We also examined genes with network proximity to one disorder only (Methods). We found that genes proximal only to CHD risk genes were significantly enriched for dDNVs in CHD patients without symptoms of neurodevelopmental disorders (p = 1×10−4, Fig. S2BC, Table S2), and they were not enriched for ASD dDNVs (p = 0.62). Reciprocally, genes proximal only to ASD risk genes were significantly enriched for dDNVs found in ASD patients (p = 0.04, Fig. S2DE, Table S1), and they were not enriched for CHD dDNVs (p = 0.10).

Network links between ASD rare and common variation.

We next assessed the intersection between the top 65 ASD associated genes, based on de novo and rare inherited variants (Sanders et al. 2015), and genes implicated by proximity to common single nucleotide polymorphisms (SNPs) identified in the most recent ASD genome-wide association study (GWAS) (Grove et al. 2019). The size of the network intersection between these genes identified by rare or common variants was significantly and substantially larger than expected by chance (p = 7×10−34 with > 2-fold effect, Fig. 3C), suggesting that these two types of variation impact a common molecular network. This finding extends a previous report that identified both rare and common variants in modules of genes co-expressed in the human brain (Ben-David and Shifman 2012). While a large GWAS for CHD does not currently exist, in the future it will be interesting to see if the same finding holds between CHD rare and common variation.

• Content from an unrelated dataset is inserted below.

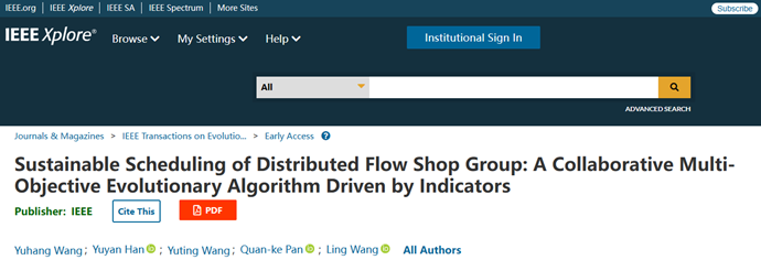 近日,beat365亚洲体育官方网站韩玉艳老师团队在进化计算领域顶级学术期刊《IEEE Transactions on Evolutionary Computation》(中科院1区Top,影响因子为14.3)上发表研究论文“Sustainable Scheduling of Distributed Flow Shop Group: A Collaborative Multi-objective Evolutionary Algorithm Driven by Indicators”(DOI: 10.1109/TEVC.2023.3339558.)。论文第一作者为硕士研究生王宇航,韩玉艳副教授、王玉亭副教授为通讯作者,上海大学潘全科教授和清华大学王凌教授参与并指导该研究。beat365亚洲体育官方网站为论文第一署名单位。

Regardless, we saw a weaker, but significant, network intersection between the ASD genes identified by common variation and the CHD risk genes (p = 2×10−24), suggesting that common variant risk may also overlap across ASD and CHD.

To examine the specificity of our findings, we selected atherosclerosis as a negative control (Piñero et al. 2017), which has a similar number of risk genes as ASD and CHD and significant localization in PCNet (Fig. S3AD), but is not co-morbid with either ASD or CHD. We observed no significant network overlap of ASD or CHD variants with common variants for this condition (Fig. 3C, Methods), suggesting the observed overlaps do in fact reflect shared biology between common and rare variation.

Shared ASD-CHD risk genes replicate in an independent cohort.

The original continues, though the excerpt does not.